Passenger carrying service was initiated on November 19, 1931, with a S-40 piloted by Charles Lindbergh and Basil Rowe, flying from Miami, Florida to the Panama Canal Zone with stops at Cienfuegos, Cuba; Kingston, Jamaica, and Barranquilla, Colombia. Igor Sikorsky, the aircraft's designer, was on board as a passenger. During that trip, Sikorsky and Lindbergh began working on concepts that were used in the succeeding S-42.

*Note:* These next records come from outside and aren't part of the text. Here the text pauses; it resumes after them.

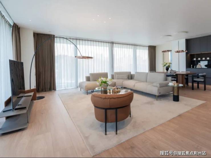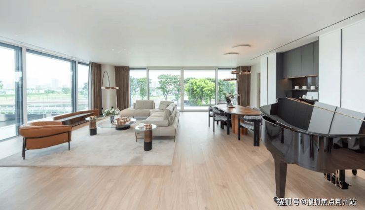 据说,这也是在国外找了不同设计师分别设计的,就是为了最大化发挥出各个户型特色。我们在现场看了下,虽然都是极简风格,但4个户型的装修设计,都和我们常规看到的极简风格配色不太相同。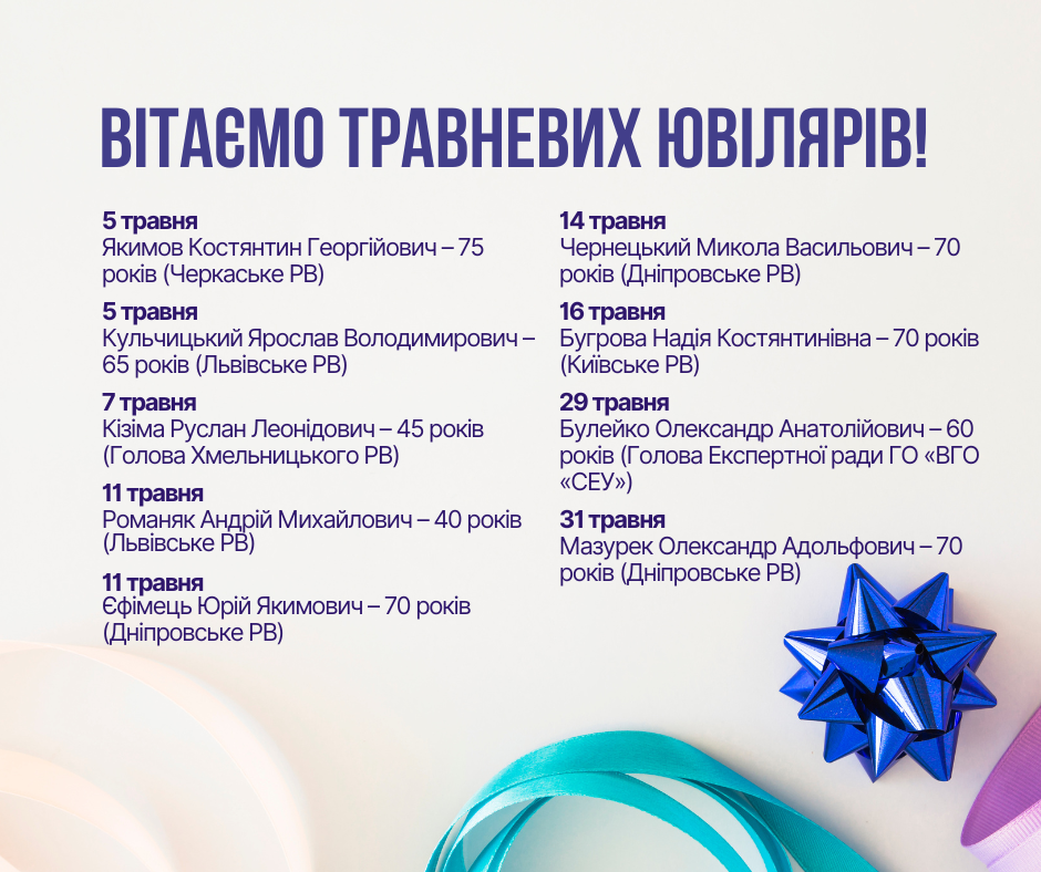 Новини Вітаємо травневих ювілярів! 01.05.2025 Коментарів немає Поділитися Tweet Google+ Pinterest LinkedIn Tumblr Email + Поділитися. Twitter Facebook Google+ Pinterest LinkedIn Tumblr Email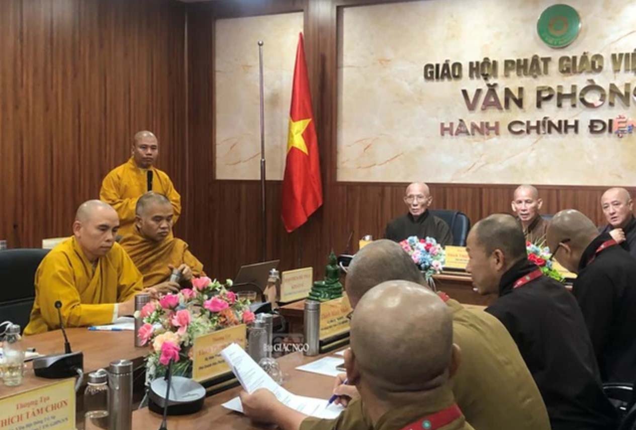 Đại đức Thích Nhuận Đức nhận lỗi và bày tỏ sám hối trong buổi họp ngày 4-6-2024 tại Văn phòng II Trung ương GHPGVN. Ảnh: Giác Ngộ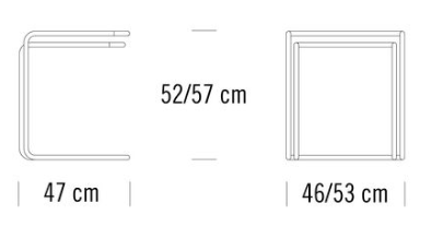 Elegant, flexible and suitable for a variety of uses. In its dimensions, the table set B 97 is reminiscent of Marcel Breuer’s nesting table B 9. Its altered construction, however, offers a practical advantage: due to the opening on one side, the tables can be pulled over the edge of a sofa, armchair or bed. They can also be conveniently pushed into one another. The Thonet design from 1933 is among the classics of tubular steel furniture.
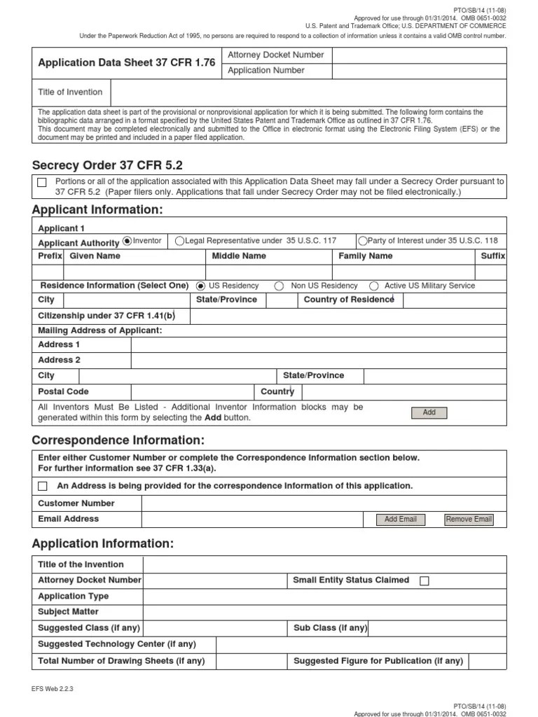 Application Data Sheet 37 Cfr 1.76 - Web an application data sheet is a sheet or sheets that may be submitted in a provisional application under 35 u.s.c. An application data sheet must contain all of the section. Web an application data sheet must be titled “application data sheet.”. >>>application data sheet (37 cfr 1.76) (version 2.2.13,.

The S-40 was Pan American's first large flying boat. American Clipper served as the flagship of Pan Am's clipper fleet and this aircraft model was the first to earn the popular designation of "Clipper" or "Pan Am Clipper". The three S-40s served without incident during their civilian lives, flying a total of over 10 million miles.

===Navy Service===
They were retired around 1940 and turned over to the US Navy during World War II, who used them as trainers for four-engined flight instruction. Under Navy service, the aircraft were designated Sikorsky RS-4. (see also Sikorsky RS) Two of the S-40 were pressed into Navy service, and called RS-4.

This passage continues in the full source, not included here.